(AIM OF THE TASK): The data below should be restated word for word, with every picture omitted.

--------------------

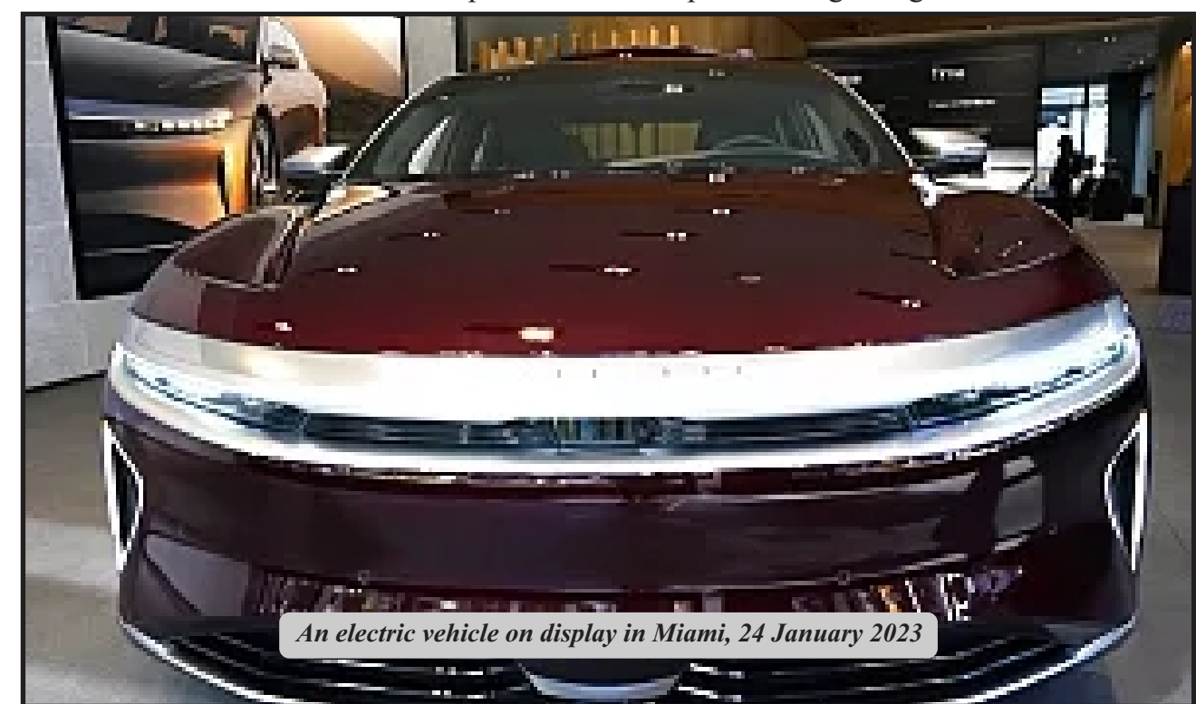
An electric vehicle on display in Miami, 24 January 2023

He added that the Authority for the Regulation and Control of Strategic Mineral Substances' Markets would consult industry players in June regarding the ban.
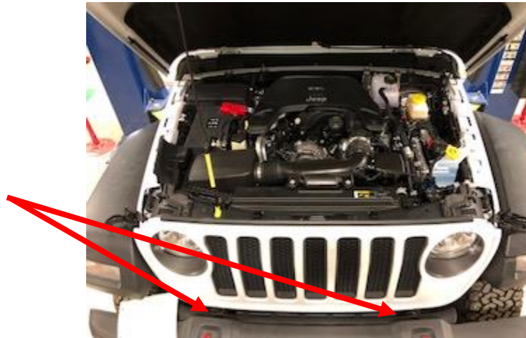
Figure 1: Top side of bumper
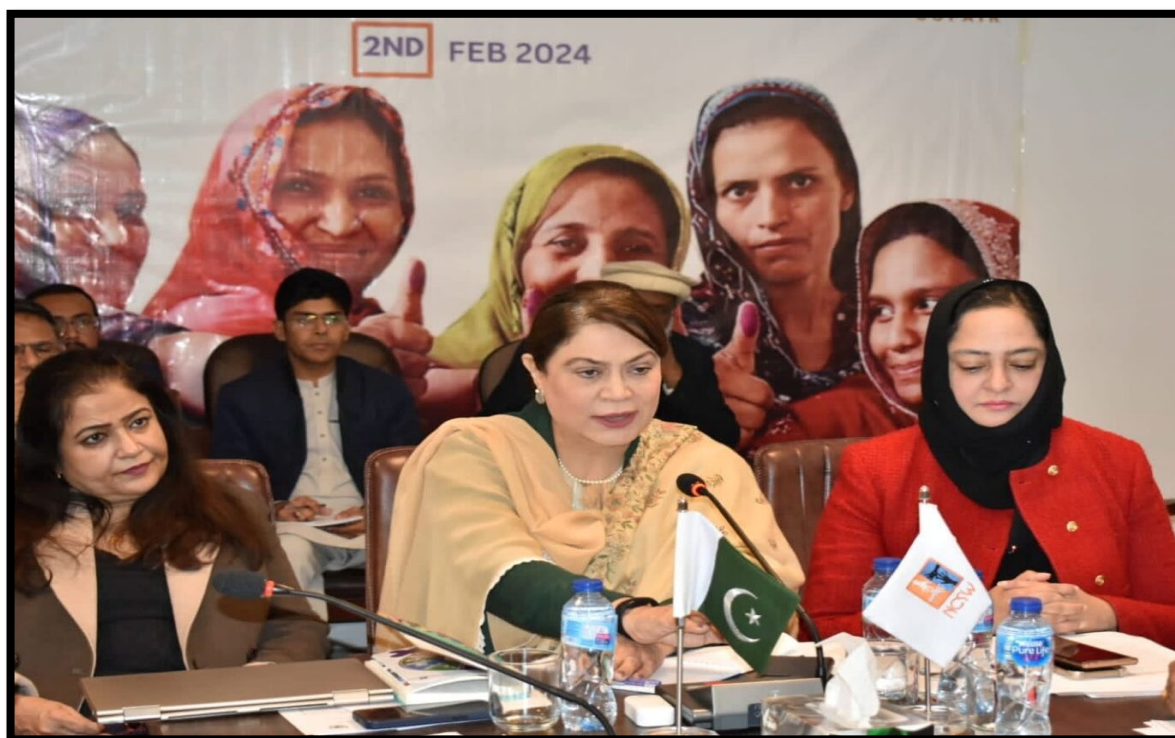
Speakers at a seminar organized by the NCSW in collaboration by COPAIR on Friday, 2 nd February' 2024
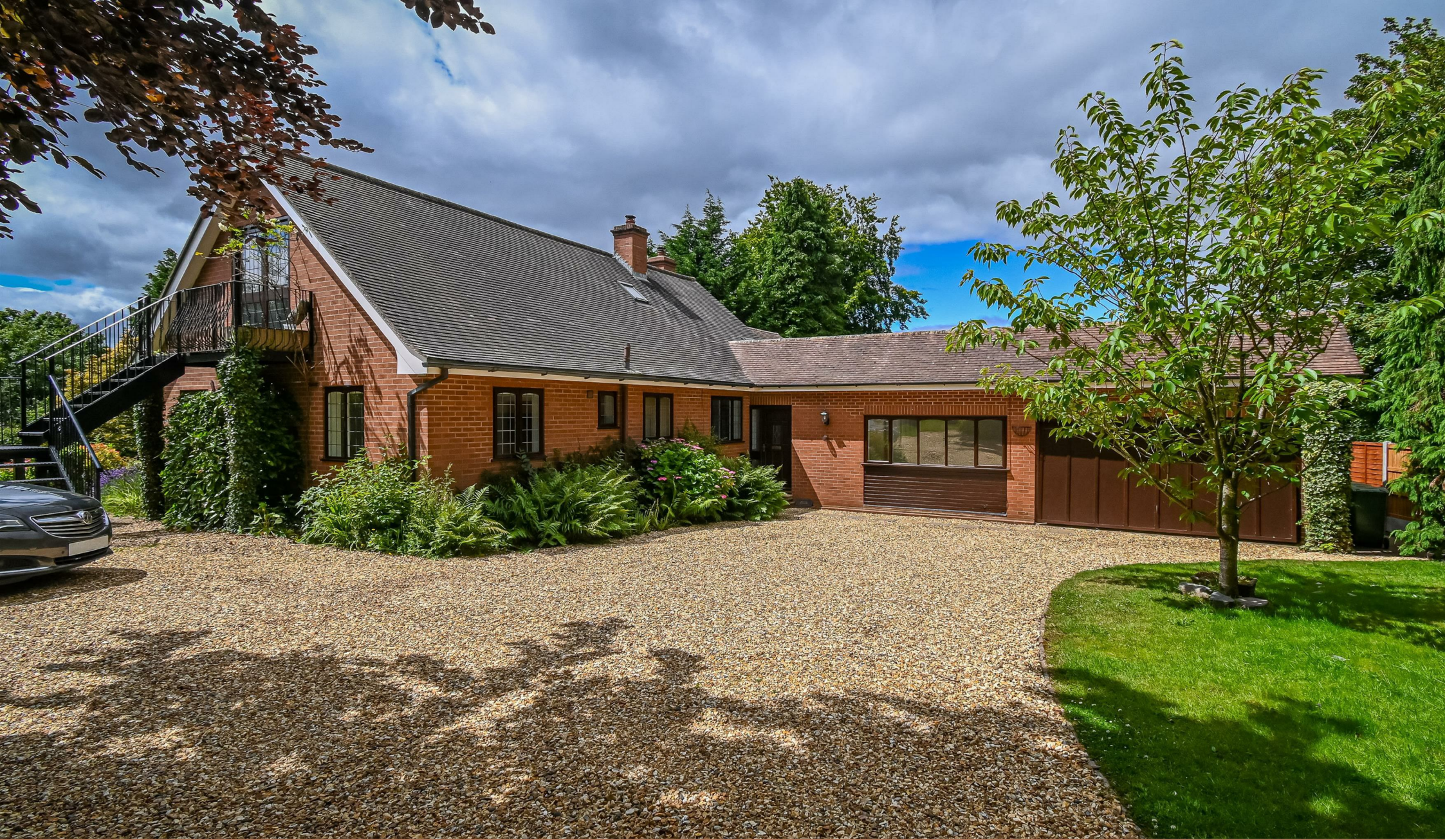
Orchard Bungalow, Hilton, Bridgnorth, Shropshire, WV15 5PB
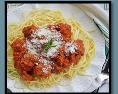
Spaghetti & Meatballs
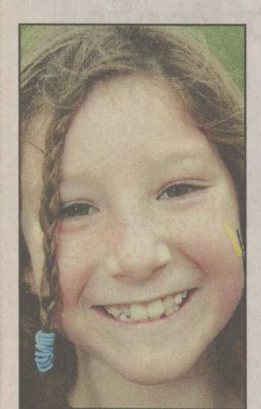
"I'm not sure; it's too hard a question to answer."
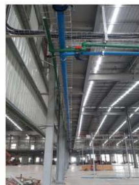
PPR Piping Installation
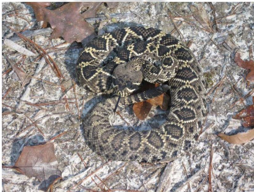
This Young Pup found at STSR Tiger Growl 6 March near Pathfinder Area
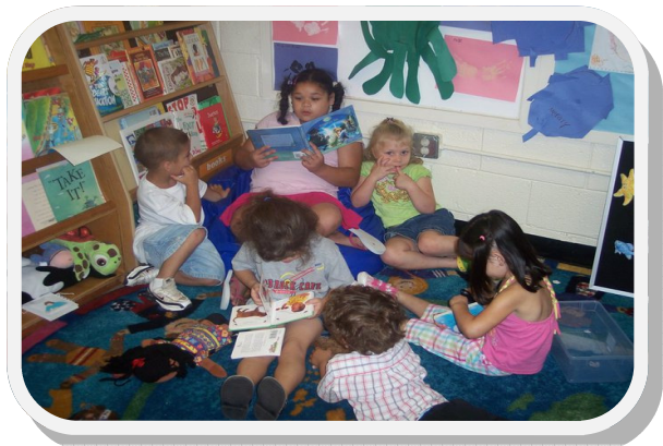
4, 473 books were given to children through the Reach Out and Read Program.

Wilkes County has been involved in a federal initiative called Reach Out and Read for over 10 years. Each year thousands of children receive a free book when visiting the doctor for a well check. Wilkes County has received national attention for its ability to connect families and reading through Reach Out and Read.
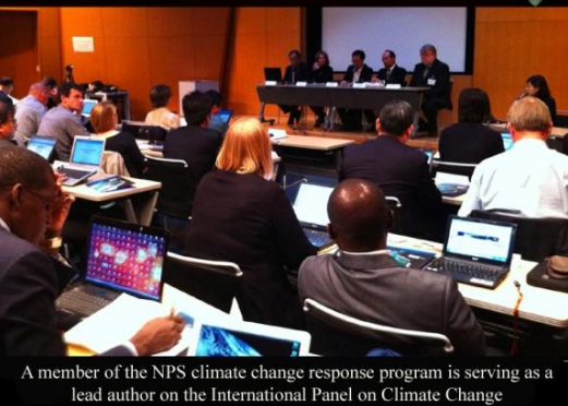
A member of the NPS climate change response program is serving as a lead author on the International Panel on Climate Change
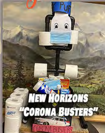
NEW HORIZONS "CORONA BUSTERS"
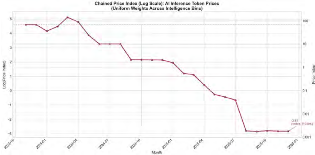
Figure 2: Chained Fisher Price Index for AI inference tokens at constant capability. The index tracks the minimum price per million tokens within each intelligence tier and chains them into a single quality-adjusted series. The rapid decline reflects falling inference costs at fixed model capability, not a shift toward lower-capability models.

Training output and its price deflator. To price-adjust training production, we apply the pace of algorithmic improvement estimated by Ho et al. (2024) , who find that the compute required to train a model at fixed performance falls by roughly two thirds each year—an annualized efficiency gain of approximately 65%, or a 3\times increase in effective compute per unit of physical compute.
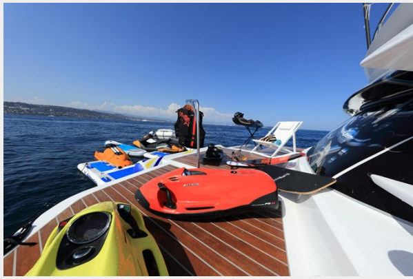
BAIA 100 _ Water leisure
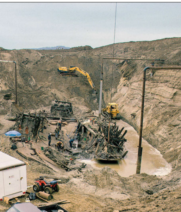
Excavating the Arabia was a massive undertaking. Arabia Steamboat Museum.
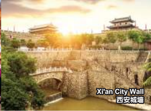
Xi'an City Wall 西安城墙
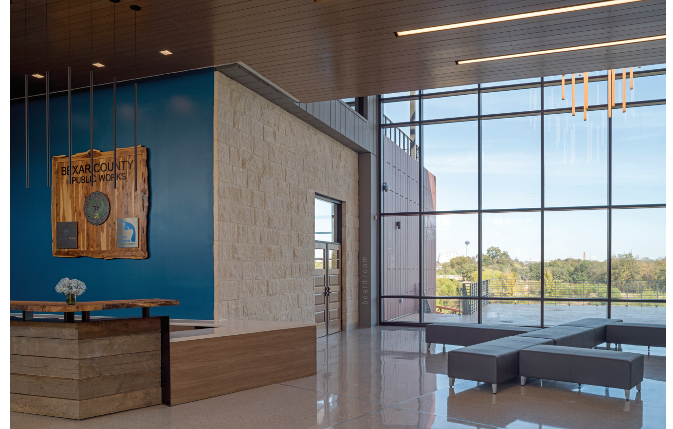
Mesa Grande Quarried Limestone Landscape Retaining Blocks – measuring 2 feet high x 2 feet wide x 4 feet long were used to tier down the slope and to enhance the illusion of the building growing out of the embankment.

One of the most challenging aspects of the stonework was determining the correct percentages of color range. "It was difficult to make sure we had the right mix of yellow stone to keep a random, but consistent mix of color," explained Garcia.
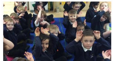
We got messy making spiders on incy wincy spider day!

Please see our school Twitter and our website for more photos
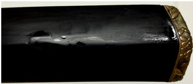
← Figure 5 Urushi repair on a damaged koshirae
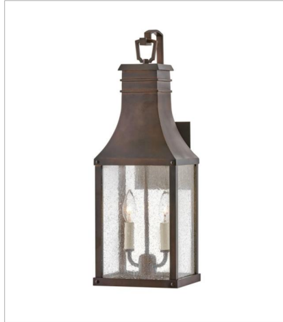
17464BLC LARGE WALL MOUNT LANTERN 7.8" W, 23" H Socketed 2-5w Cand. LED, 60w Equiv.
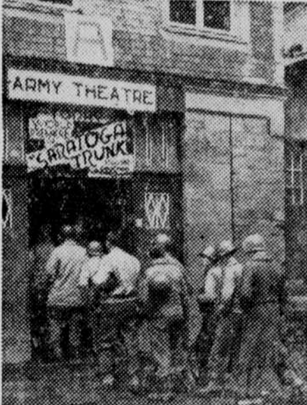
U. S. servicemen are shown entering a show to see "Saratoga Trunk," in a section recently taken from the Germans. The USO has been able to keep the shows moving to the front, as the troops advance into Germany.
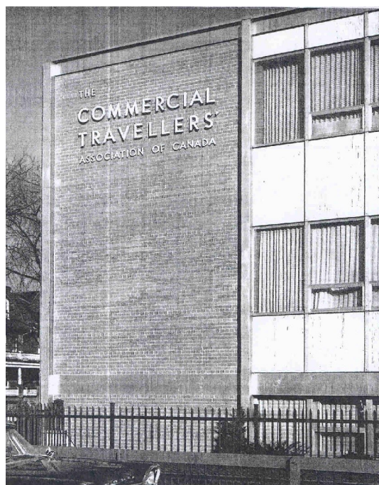
Commercial Travellers' Association of Canada Building, west elevation, c. 1960
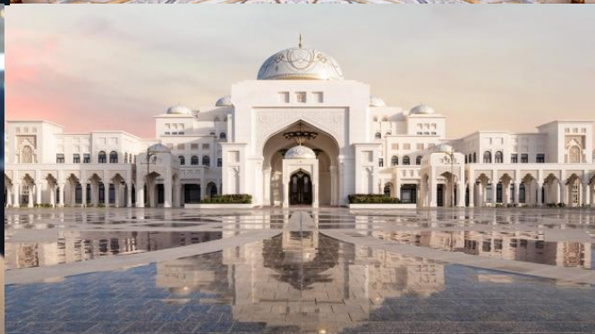
Sheikh Zayed Grand Mosque

--------------------

(ANSWER SECTION):
An electric vehicle on display in Miami, 24 January 2023

He added that the Authority for the Regulation and Control of Strategic Mineral Substances' Markets would consult industry players in June regarding the ban.
Figure 1: Top side of bumper
Speakers at a seminar organized by the NCSW in collaboration by COPAIR on Friday, 2 nd February' 2024
Orchard Bungalow, Hilton, Bridgnorth, Shropshire, WV15 5PB
Spaghetti & Meatballs
"I'm not sure; it's too hard a question to answer."
PPR Piping Installation
This Young Pup found at STSR Tiger Growl 6 March near Pathfinder Area
4, 473 books were given to children through the Reach Out and Read Program.

Wilkes County has been involved in a federal initiative called Reach Out and Read for over 10 years. Each year thousands of children receive a free book when visiting the doctor for a well check. Wilkes County has received national attention for its ability to connect families and reading through Reach Out and Read.
A member of the NPS climate change response program is serving as a lead author on the International Panel on Climate Change
NEW HORIZONS "CORONA BUSTERS"
Figure 2: Chained Fisher Price Index for AI inference tokens at constant capability. The index tracks the minimum price per million tokens within each intelligence tier and chains them into a single quality-adjusted series. The rapid decline reflects falling inference costs at fixed model capability, not a shift toward lower-capability models.

Training output and its price deflator. To price-adjust training production, we apply the pace of algorithmic improvement estimated by Ho et al. (2024) , who find that the compute required to train a model at fixed performance falls by roughly two thirds each year—an annualized efficiency gain of approximately 65%, or a 3\times increase in effective compute per unit of physical compute.
BAIA 100 _ Water leisure
Excavating the Arabia was a massive undertaking. Arabia Steamboat Museum.
Xi'an City Wall 西安城墙
Mesa Grande Quarried Limestone Landscape Retaining Blocks – measuring 2 feet high x 2 feet wide x 4 feet long were used to tier down the slope and to enhance the illusion of the building growing out of the embankment.

One of the most challenging aspects of the stonework was determining the correct percentages of color range. "It was difficult to make sure we had the right mix of yellow stone to keep a random, but consistent mix of color," explained Garcia.
We got messy making spiders on incy wincy spider day!

Please see our school Twitter and our website for more photos
← Figure 5 Urushi repair on a damaged koshirae
17464BLC LARGE WALL MOUNT LANTERN 7.8" W, 23" H Socketed 2-5w Cand. LED, 60w Equiv.
U. S. servicemen are shown entering a show to see "Saratoga Trunk," in a section recently taken from the Germans. The USO has been able to keep the shows moving to the front, as the troops advance into Germany.
Commercial Travellers' Association of Canada Building, west elevation, c. 1960
Sheikh Zayed Grand Mosque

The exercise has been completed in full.